- [What to produce]
For the records below, please print exactly and only the lines from the one with "La distribución en" down to the one with "Гель для стирки", both ends included, omitting the pictures.

- [Data]
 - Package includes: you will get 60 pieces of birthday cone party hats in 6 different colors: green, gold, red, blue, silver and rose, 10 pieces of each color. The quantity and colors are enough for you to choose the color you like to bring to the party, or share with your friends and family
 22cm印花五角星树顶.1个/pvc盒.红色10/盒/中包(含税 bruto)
--
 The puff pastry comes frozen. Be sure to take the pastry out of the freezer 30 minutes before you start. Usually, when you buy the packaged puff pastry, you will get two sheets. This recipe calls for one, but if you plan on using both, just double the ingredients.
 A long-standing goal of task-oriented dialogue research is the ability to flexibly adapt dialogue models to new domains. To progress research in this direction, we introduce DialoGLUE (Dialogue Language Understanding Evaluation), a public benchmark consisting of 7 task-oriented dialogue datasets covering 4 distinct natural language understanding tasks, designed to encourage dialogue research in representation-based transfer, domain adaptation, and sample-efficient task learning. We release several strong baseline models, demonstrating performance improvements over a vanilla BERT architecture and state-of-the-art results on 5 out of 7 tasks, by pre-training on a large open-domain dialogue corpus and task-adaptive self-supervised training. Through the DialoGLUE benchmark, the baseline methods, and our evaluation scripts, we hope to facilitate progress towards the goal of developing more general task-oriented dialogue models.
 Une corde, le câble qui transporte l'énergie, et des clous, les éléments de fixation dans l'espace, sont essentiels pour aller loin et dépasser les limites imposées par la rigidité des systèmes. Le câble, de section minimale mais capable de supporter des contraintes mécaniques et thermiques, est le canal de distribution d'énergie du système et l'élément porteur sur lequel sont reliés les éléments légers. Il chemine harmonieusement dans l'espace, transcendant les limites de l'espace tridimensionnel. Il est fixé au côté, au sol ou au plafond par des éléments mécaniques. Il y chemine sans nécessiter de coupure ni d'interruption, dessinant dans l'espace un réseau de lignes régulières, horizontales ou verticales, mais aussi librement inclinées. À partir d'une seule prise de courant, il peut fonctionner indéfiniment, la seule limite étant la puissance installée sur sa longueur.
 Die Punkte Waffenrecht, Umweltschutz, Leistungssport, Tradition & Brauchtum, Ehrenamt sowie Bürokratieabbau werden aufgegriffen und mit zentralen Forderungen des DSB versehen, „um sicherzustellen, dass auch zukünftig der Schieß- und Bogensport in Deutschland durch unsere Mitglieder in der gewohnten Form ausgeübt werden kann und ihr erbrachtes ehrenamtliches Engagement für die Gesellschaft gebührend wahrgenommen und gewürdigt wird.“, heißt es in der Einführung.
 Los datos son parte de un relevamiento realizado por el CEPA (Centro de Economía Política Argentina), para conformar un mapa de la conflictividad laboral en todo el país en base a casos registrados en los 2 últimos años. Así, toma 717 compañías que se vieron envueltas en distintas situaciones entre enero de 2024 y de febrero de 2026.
--
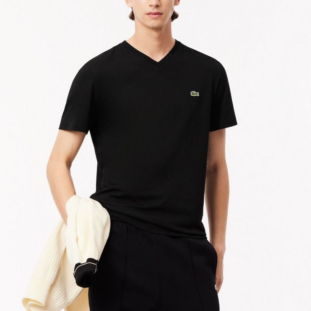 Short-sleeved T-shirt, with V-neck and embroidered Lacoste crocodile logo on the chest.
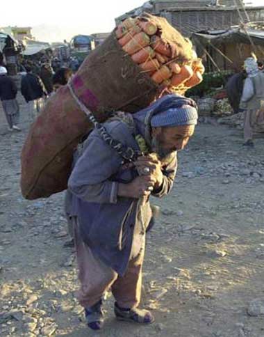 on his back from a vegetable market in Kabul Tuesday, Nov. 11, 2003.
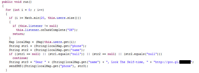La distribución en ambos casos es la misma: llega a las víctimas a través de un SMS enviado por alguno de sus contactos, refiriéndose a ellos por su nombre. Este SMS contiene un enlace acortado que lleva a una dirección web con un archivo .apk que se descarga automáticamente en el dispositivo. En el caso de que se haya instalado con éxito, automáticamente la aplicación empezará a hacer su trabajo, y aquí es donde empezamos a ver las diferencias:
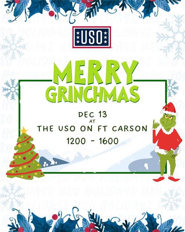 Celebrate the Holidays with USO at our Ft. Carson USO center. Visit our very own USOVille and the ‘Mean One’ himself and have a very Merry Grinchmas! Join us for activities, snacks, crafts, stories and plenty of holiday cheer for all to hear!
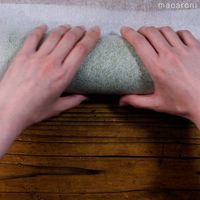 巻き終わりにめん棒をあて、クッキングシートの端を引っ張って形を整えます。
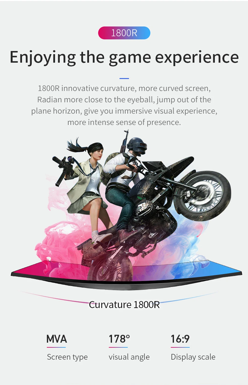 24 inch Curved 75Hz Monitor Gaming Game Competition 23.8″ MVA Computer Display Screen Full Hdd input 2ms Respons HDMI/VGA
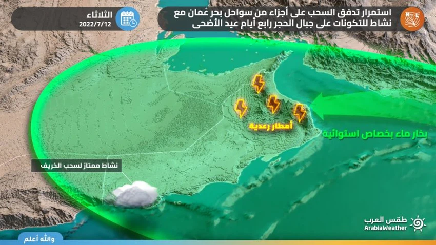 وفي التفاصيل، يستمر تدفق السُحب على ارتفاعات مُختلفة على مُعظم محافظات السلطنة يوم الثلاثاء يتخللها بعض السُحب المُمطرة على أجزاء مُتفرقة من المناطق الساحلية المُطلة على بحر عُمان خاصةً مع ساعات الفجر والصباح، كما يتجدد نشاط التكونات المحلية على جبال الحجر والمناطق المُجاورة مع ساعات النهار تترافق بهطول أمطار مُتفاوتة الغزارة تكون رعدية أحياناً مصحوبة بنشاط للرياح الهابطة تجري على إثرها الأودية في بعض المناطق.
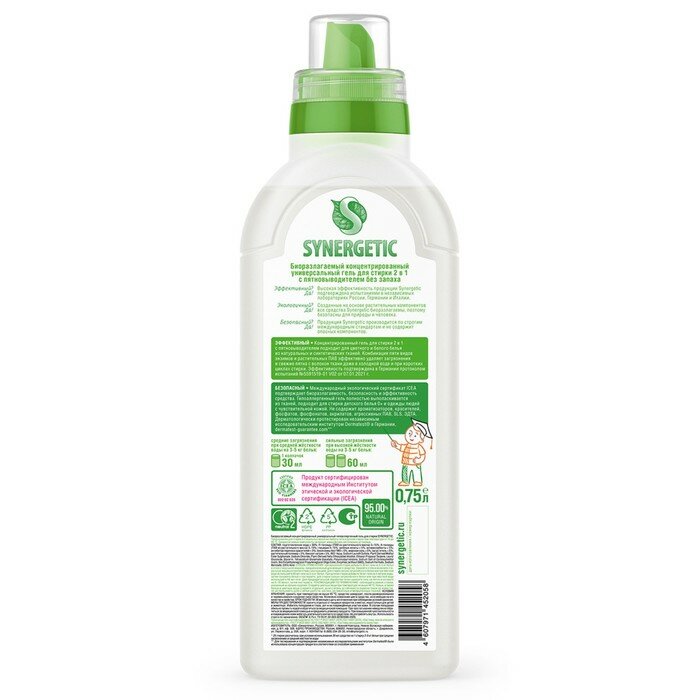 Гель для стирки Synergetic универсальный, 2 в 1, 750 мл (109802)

- [Solution to this task]
La distribución en ambos casos es la misma: llega a las víctimas a través de un SMS enviado por alguno de sus contactos, refiriéndose a ellos por su nombre. Este SMS contiene un enlace acortado que lleva a una dirección web con un archivo .apk que se descarga automáticamente en el dispositivo. En el caso de que se haya instalado con éxito, automáticamente la aplicación empezará a hacer su trabajo, y aquí es donde empezamos a ver las diferencias:
 Celebrate the Holidays with USO at our Ft. Carson USO center. Visit our very own USOVille and the ‘Mean One’ himself and have a very Merry Grinchmas! Join us for activities, snacks, crafts, stories and plenty of holiday cheer for all to hear!
 巻き終わりにめん棒をあて、クッキングシートの端を引っ張って形を整えます。
 24 inch Curved 75Hz Monitor Gaming Game Competition 23.8″ MVA Computer Display Screen Full Hdd input 2ms Respons HDMI/VGA
 وفي التفاصيل، يستمر تدفق السُحب على ارتفاعات مُختلفة على مُعظم محافظات السلطنة يوم الثلاثاء يتخللها بعض السُحب المُمطرة على أجزاء مُتفرقة من المناطق الساحلية المُطلة على بحر عُمان خاصةً مع ساعات الفجر والصباح، كما يتجدد نشاط التكونات المحلية على جبال الحجر والمناطق المُجاورة مع ساعات النهار تترافق بهطول أمطار مُتفاوتة الغزارة تكون رعدية أحياناً مصحوبة بنشاط للرياح الهابطة تجري على إثرها الأودية في بعض المناطق.
 Гель для стирки Synergetic универсальный, 2 в 1, 750 мл (109802)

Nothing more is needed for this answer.